Handing Over The Future

Last week I talked about a serious young teacher quitting her job because of A.I. and how said excrescence was affecting her students.

Here’s another take on the same topic, courtesy of Insty (thankee, Squire):

“We’re talking about an entire generation of learning perhaps significantly undermined here,” said Green, the Santa Clara tech ethicist. “It’s short-circuiting the learning process, and it’s happening fast.”

Perhaps? 

From a student:

“I think there is beauty in trying to plan your essay. You learn a lot. You have to think, Oh, what can I write in this paragraph? Or What should my thesis be? ” But she’d rather get good grades. “An essay with ChatGPT, it’s like it just gives you straight up what you have to follow. You just don’t really have to think that much.”

As for the teachers:

“Massive numbers of students are going to emerge from university with degrees, and into the workforce, who are essentially illiterate, both in the literal sense and in the sense of being historically illiterate and having no knowledge of their own culture, much less anyone else’s.”

“How can we expect them to grasp what education means when we, as educators, haven’t begun to undo the years of cognitive and spiritual damage inflicted by a society that treats schooling as a means to a high-paying job, maybe some social status, but nothing more?”

Well, yeah.  Perhaps [gasp!]  not all kids are college material.  And I think this A.I. cheating thing is proving the point.

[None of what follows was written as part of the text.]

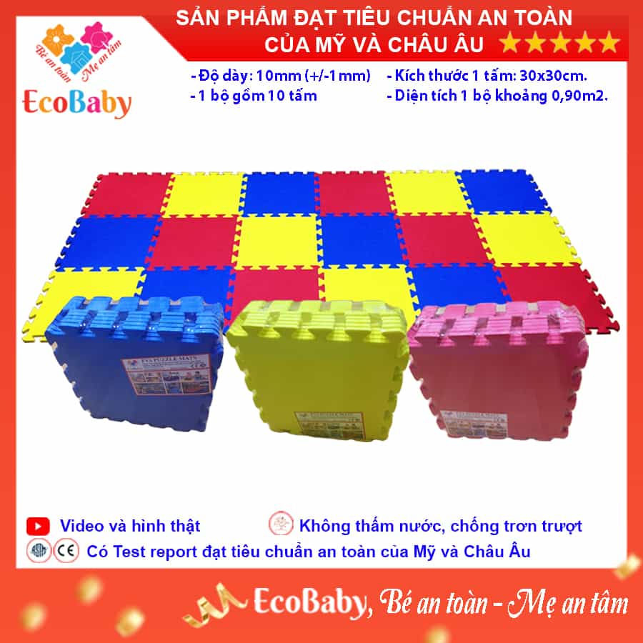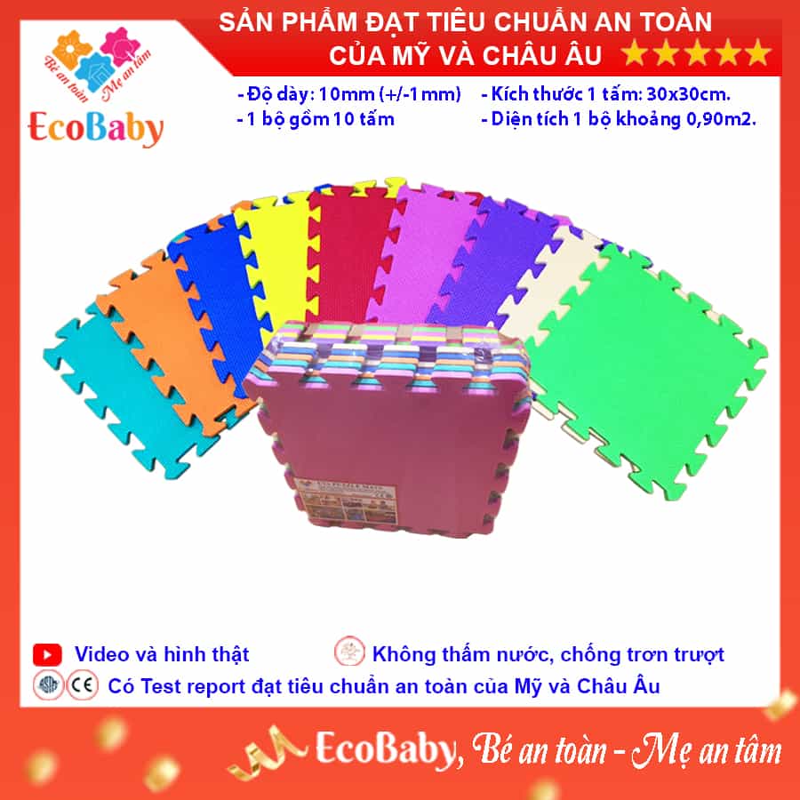 ✨Bộ 10 tấm Thảm xốp cho bé ECOBABY, thảm xốp đạt tiêu chuẩn Mỹ và Châu Âu, độ dày khoảng 1cm, kích thước 1 tấm 30x30cm - Màu trơn

And then, from the teechurs:

“Every time I talk to a colleague about this, the same thing comes up: retirement. When can I retire? When can I get out of this? That’s what we’re all thinking now,” he said. “This is not what we signed up for.” Williams, and other educators I spoke to, described AI’s takeover as a full-blown existential crisis.

Of course, this whole situation is fixable — there’s always a solution to a problem of this nature — but don’t expect the current crop of teachers to figure it out.  Especially if it takes actual hard work and thought.

Small wonder their students are screwed up and hopeless.

Read the whole article.  It’s worth it.

Amen, Kid

I can understand  an Olde Phartte  someone from my generation banging on about how the Yoof Of Today are hopeless wankers when it comes to education and being taught in the classroom.  (And yes, I use the word “wanker” in its most appropriate sense, as you will see later.)

But when a 26-year-old teacher gets all ranty on the above topic… well.

“These kids don’t know how to read,” she says flatly. “Because they’ve had things read to them, or they can just click a button and have something read out loud. Their attention spans are waning. Everything is high stimulation. They can scroll in less than a minute.”

And:

Teenagers who refuse to write even a paragraph, who throw tantrums when asked to handwrite an assignment, who beg to ‘just type it’ – not to save time or effort but to copy and paste answers from the internet or use AI to do the thinking for them.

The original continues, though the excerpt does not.